Few events left to celebrate Nunavut’s 5th birthday

By NUNATSIAQ NEWS

GREG YOUNGER-LEWIS

The City of Iqaluit has grounded plans to bring the Canadian Air Force’s Snowbirds spectacle to Iqaluit to celebrate Nunavut’s fifth anniversary.

Terry Ma, Iqaluit’s economic development officer, said the municipality lacks the money and the logistical ability to host the internationally renowned team of jet fighters this summer.

Although the city’s 2004 budget made room for $75,000 to accomodate around 25 Snowbirds personnel, Ma said the money was supposed to come from the private sector, and has yet to be raised from local businesses.

Ma said the municipality turned down the Snowbirds because the air force didn’t accept any of his proposed dates. And the city rejected the military’s proposed date of May 26, because it would have been a stand-alone event, and risked being a promotional flop.

“You want to have a good package to put together if you want to attract people,” he said, pointing to how festivals like Toonik Tyme near the end of April offer an array of events, rather than one main attraction.

Ma said he wants to bring the Snowbirds to Iqaluit in the future, adding that the city would be better prepared for the show now that organizers were more familiar with the pilots’ logistical needs. He added that the delay will also give organizers time to raise necessary funding.

“You’ve got to keep positive,” Ma said. “Things… just take a little while to get done up here.”

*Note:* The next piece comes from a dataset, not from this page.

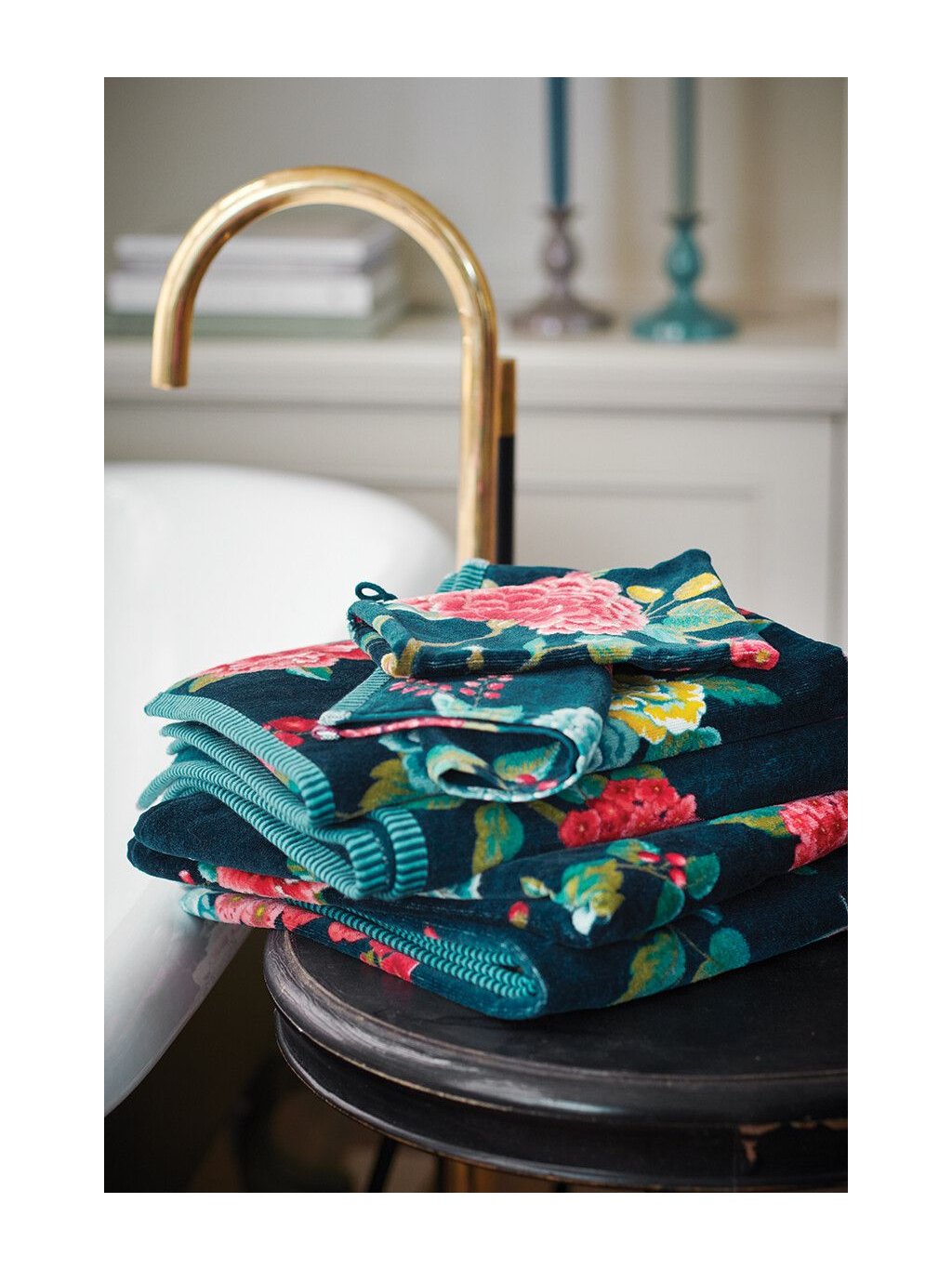 Ručníky s květinovým vzorem od Pip Studio tmavomodré barvy, vyrobené ze 100% bavlněného froté vysoké kvality o gramáži 500g/m2.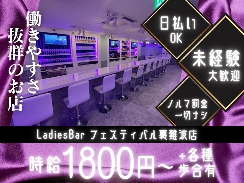 仕事内容 【Ladies Bar フェスティバルのポイント♪】 ◎各種インセンで月収30万円以上は余裕♪ ◎ガッツリ稼ぎたい&好きな時間に♪ ◎各種ノルマ・無理な飲酒は一切なし! ◎駅チカ系列店多数♪お店の選択可能! アミューズメントバー 『Ladies Bar フェスティバル難波店』にて カウンタースタッフを募集します♪ - 【具体的なお仕事内容】 ◆カンタンなドリンクづくり ◆お客様と楽しくおしゃべり♪ ◆ダーツの準備 ◆カラオケのセッティング! など ドリンクづくりは、 「グラスに注ぐだけ」 「お水や炭酸で割るだけ」でカンタン♪ お客様と一緒にワイワイ♪できたらOKです! 【入店したら】 まずは、マネージャーや頼れる先輩が マンツーマンでお仕事をお教えします! ドリンクのつくり方から おしぼりやチャームの準備など、 基礎からひとつひとつ指導していきます。 接客経験や夜職経験がない方でも 不安なく働けるように、 業務中は常に複数のスタッフで見守ります。 いつでも助けてもらえる環境なので、 遠慮なく甘えてくださいね~! 【接客スタイルについて】 カウンター越しの接客なので、 お触りや隣につくことはございません! お酒を飲みながら(飲めない子はソフドリで♪) お客様と楽しくお話するだけでOK! カラオケはワイワイ盛り上げられたら完璧です! 連絡先交換はお店は推奨していません。 - 【一緒に働くスタッフについて】 ■大学終わりにガッツリ稼ぐ大学生さん ■昼職と両立して働く会社員さん ■ガッツリ稼ぎたいフリーターさん 20代~30代の女性スタッフが活躍しています♪ 全体の9割が夜職未経験からスタート! 優しくて盛り上げ上手な方が多いですよ♪ 【20代スタッフインタビュー】 昼職の収入が低いため、生活費を まかないたくて当店に応募しました。 お酒がそこまで得意ではないので、 無理な飲酒がないところが助かっています。 各種ノルマもなく、連絡先交換も断れるので、 精神的な負担もなく伸び伸び働けています! シフト融通もかなり利くので、 稼ぎたい目標金額通りに稼げることが多いです。 各種バックやインセンも多いので、 未経験でも効率的に稼げるお店ですよ♪ - 【毎日ストーリー更新中♪】 インスタ:@nanbafes

A spokeswoman for the Snowbirds said they were “surprised” by the cancellation, since the Iqaluit performance was part of a special tour of the North this summer.

The show would have been Iqaluit’s first time hosting the Snowbirds, a team of Canadian military pilots who perform choreographed routines in jet fighters at trade shows and summer festivals, largely to promote the armed forces and recruit new members.

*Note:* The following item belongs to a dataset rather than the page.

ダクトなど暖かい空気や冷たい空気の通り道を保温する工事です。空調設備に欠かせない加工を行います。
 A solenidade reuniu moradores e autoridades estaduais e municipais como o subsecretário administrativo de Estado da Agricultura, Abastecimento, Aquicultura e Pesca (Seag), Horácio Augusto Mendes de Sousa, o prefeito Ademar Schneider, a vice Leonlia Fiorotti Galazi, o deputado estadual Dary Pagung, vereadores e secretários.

The Snowbirds cancellation knocks another event from the RCMP’s ever-shortening lists of celebrations, which included the RMCP Musical Ride, an elaborate show involving Mounties doing precision drills on horseback. Const. Chris Coles said plans to host the Musical Ride fell apart after police found they lacked the necessary $100,000 in funding.

However, Coles attributed the Snowbirds’ cancellation on miscommunication between city hall and the committee coordinating Nunavut’s anniversary events.

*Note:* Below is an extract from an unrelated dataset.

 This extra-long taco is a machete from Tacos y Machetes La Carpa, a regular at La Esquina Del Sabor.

Although city hall cited fundraising problems for cancelling the show, Coles said the RCMP was raising the money needed to bring the Snowbirds.

“It is a disappointment,” Coles said. “There appears to have been a disconnect [in communication between RCMP and the City].”

Despite the Snowbirds cancellation, RCMP are forging ahead with other anniversary celebrations. Local officers rode dog teams to Kimmirut from Iqaluit on April 5 to commemorate how police used to travel the former mail route before planes started flying regularly between the two communities.

Coles said he also expects the 34-piece Canadian Forces Central Band to perform on July 9 at the RCMP Regimental Ball in the new arena, as part of the anniversary celebrations. Tickets go on sale for $100.

RCMP will also visit a defunct police station at Alexandria Fiord, north of Grise Fiord at the end of June.